▼

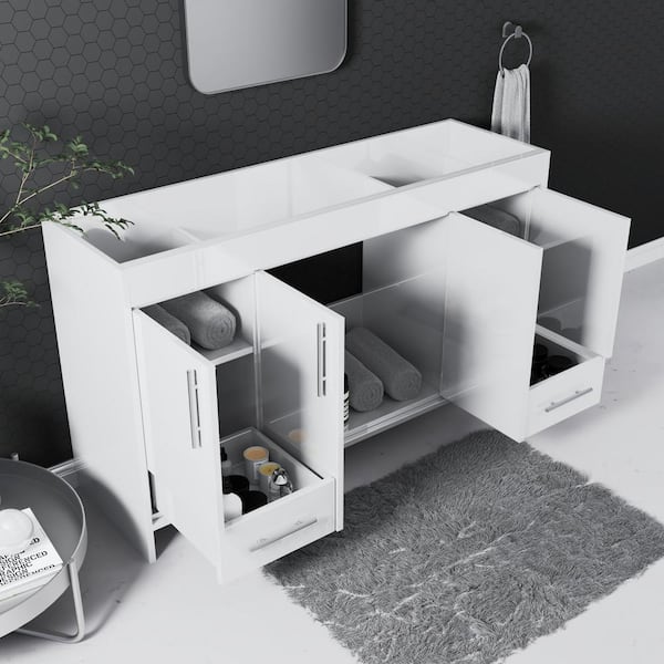 Pacific 60 in. W x 18 in. D x 33.88 in. H Bath Vanity Cabinet without Top in Glossy White
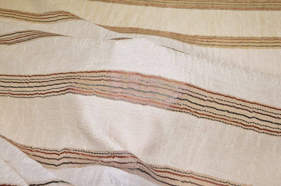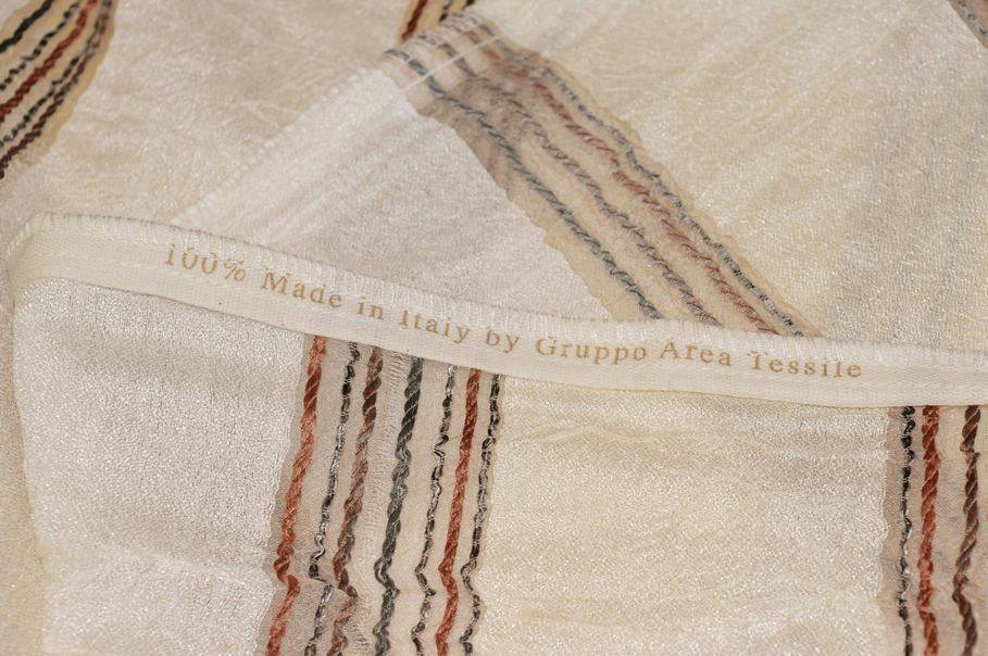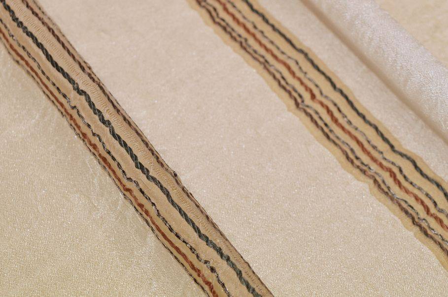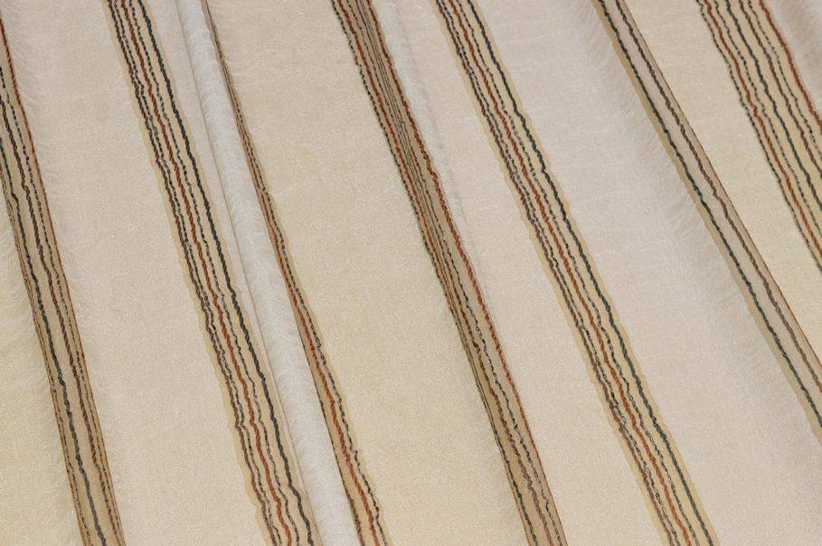 Il fondo panna risulta leggero, cadente ed abbastanza coprente, ma filtrante alla luce. Si aggiunge inoltre un grazioso effetto stropicciato composto da minuziose e delicate increspature tipiche di questa lavorazione. A completare la decorazione vi sono sottili ed irregolari linee verticali grigie e color bruciato. Distanza fasce 7 cm circa.
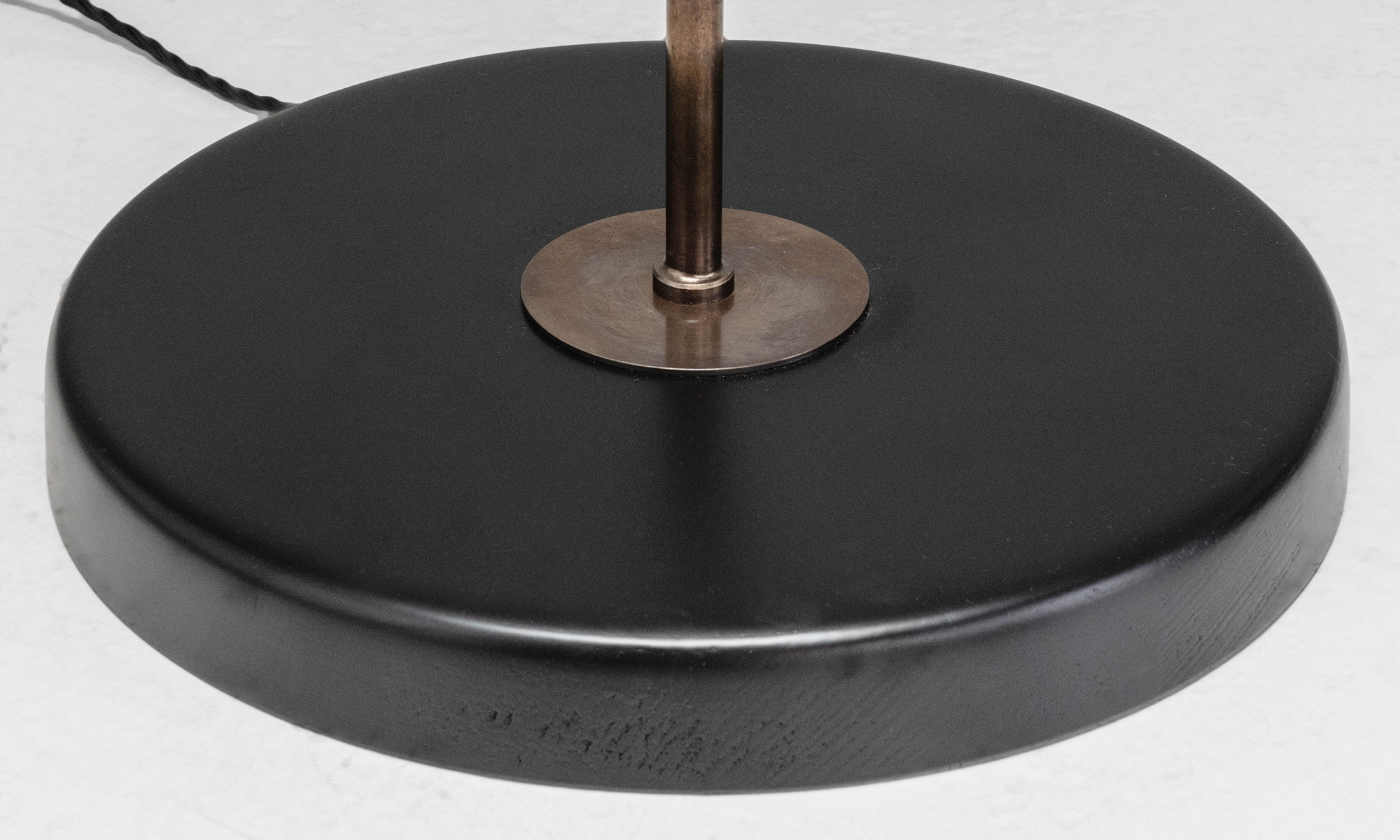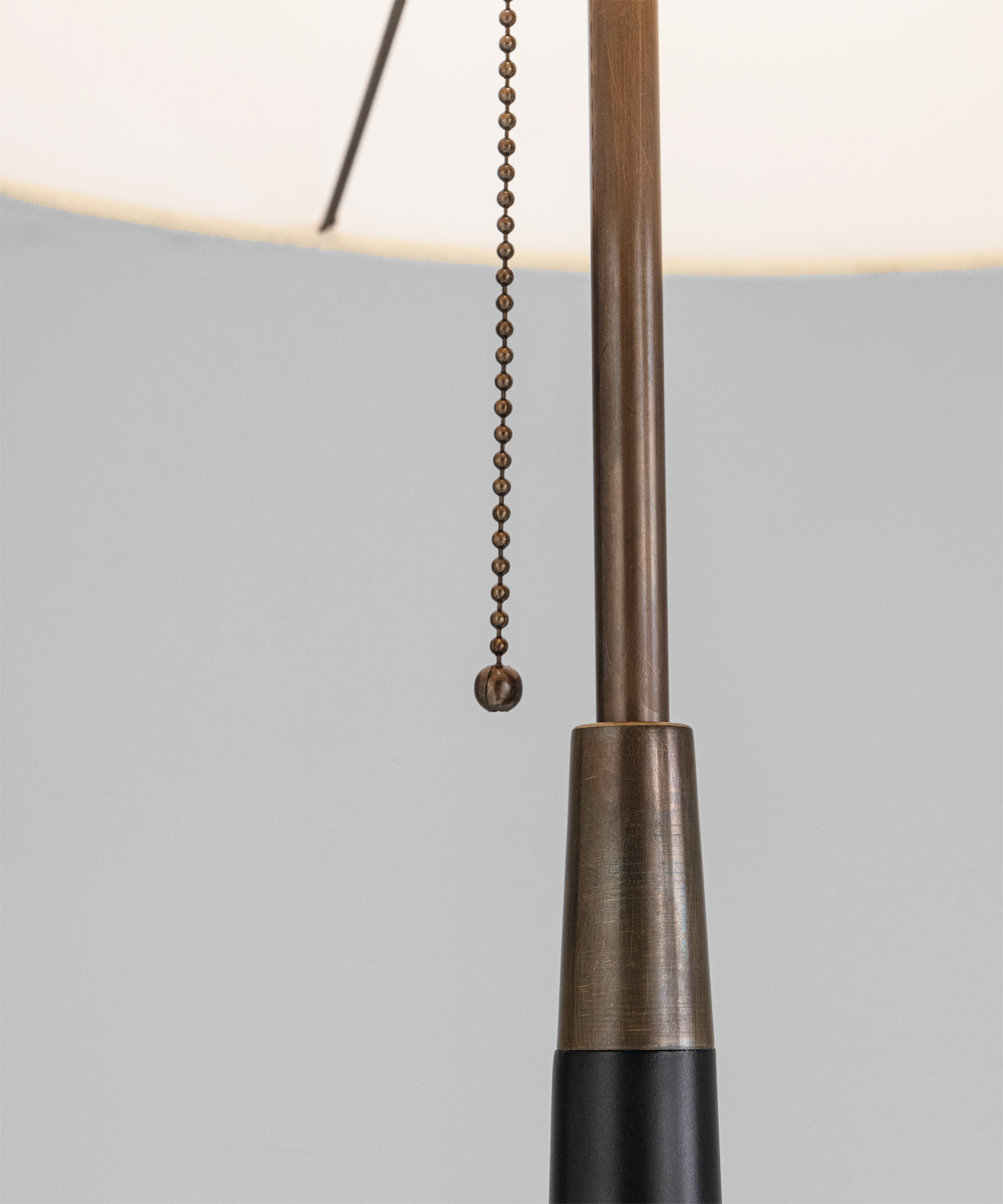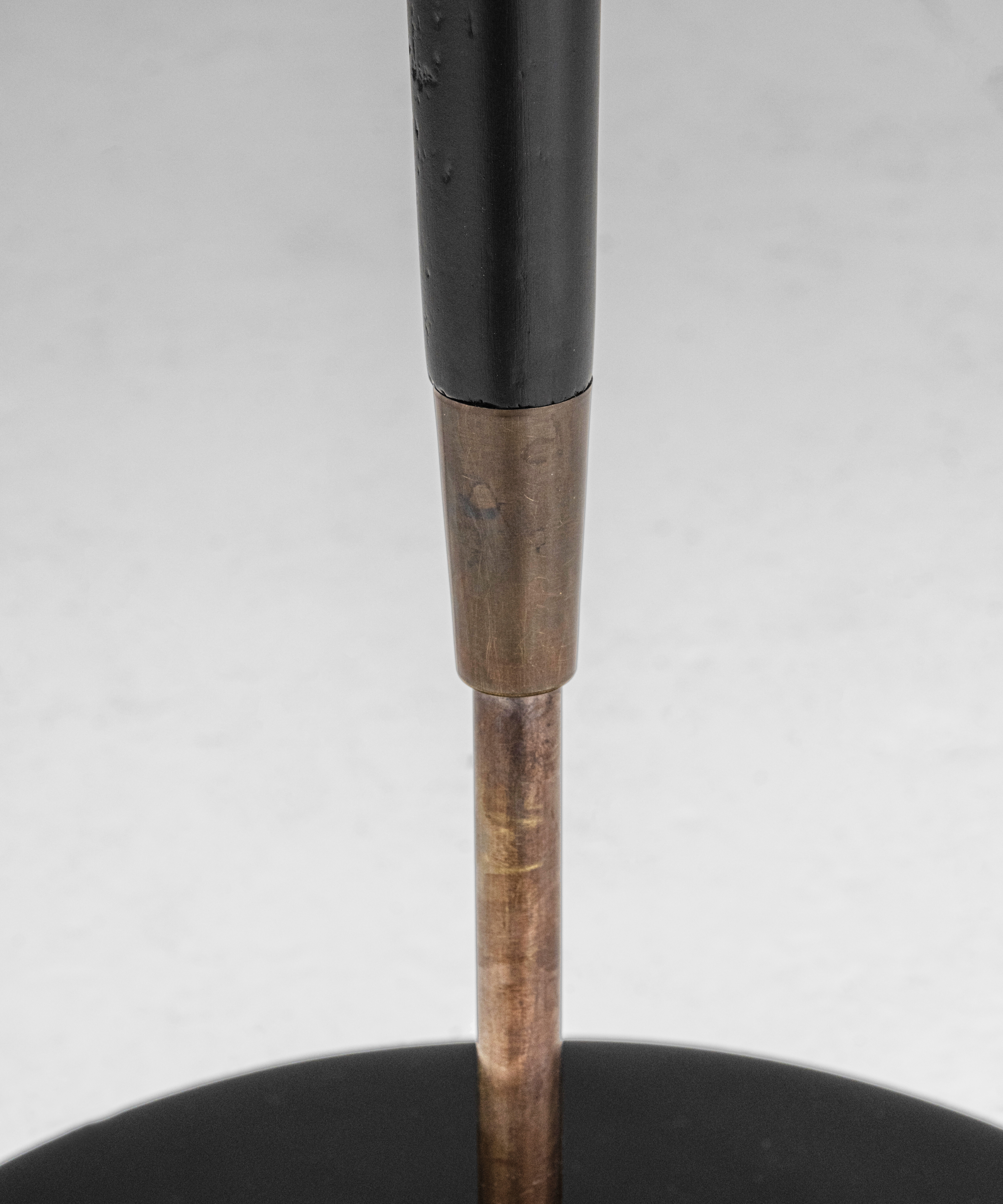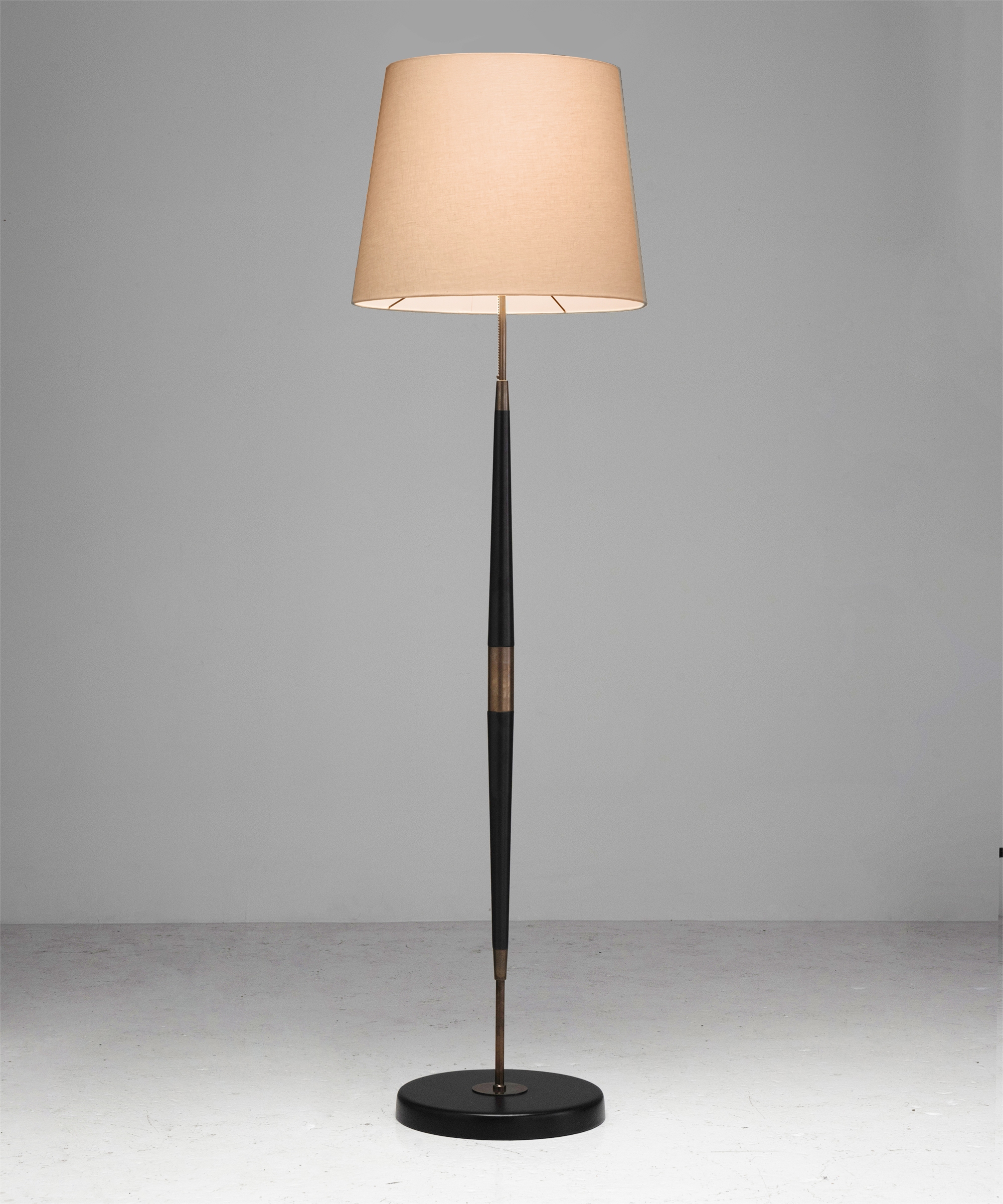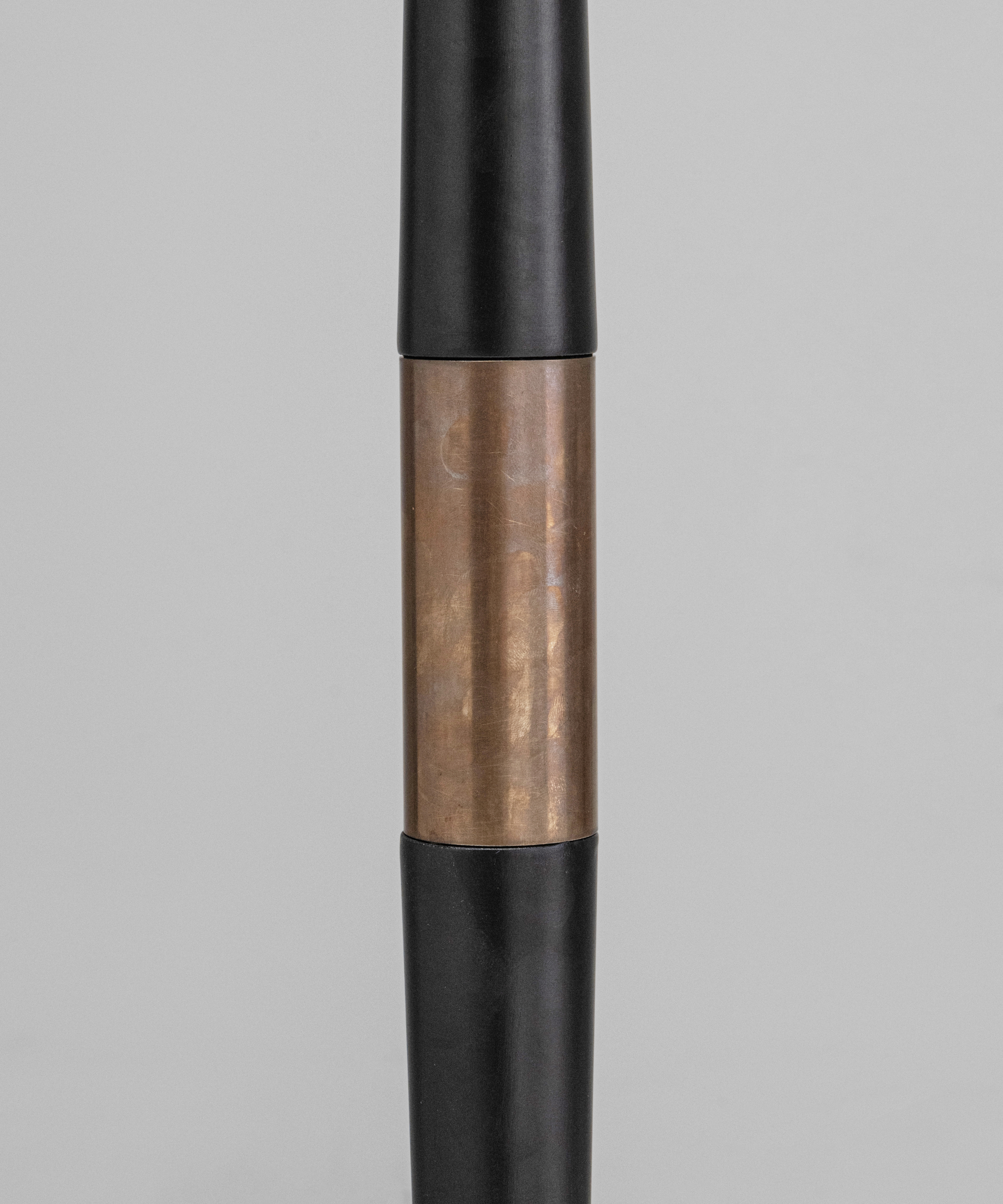 An oval shade sits atop a black wooden base and slightly tapered stand with brass detailing throughout.

▲

## [DIRECTIONS]
Reproduce the material exactly. Pictures stay out.

## [REPLY]
 Pacific 60 in. W x 18 in. D x 33.88 in. H Bath Vanity Cabinet without Top in Glossy White
 Il fondo panna risulta leggero, cadente ed abbastanza coprente, ma filtrante alla luce. Si aggiunge inoltre un grazioso effetto stropicciato composto da minuziose e delicate increspature tipiche di questa lavorazione. A completare la decorazione vi sono sottili ed irregolari linee verticali grigie e color bruciato. Distanza fasce 7 cm circa.
 An oval shade sits atop a black wooden base and slightly tapered stand with brass detailing throughout.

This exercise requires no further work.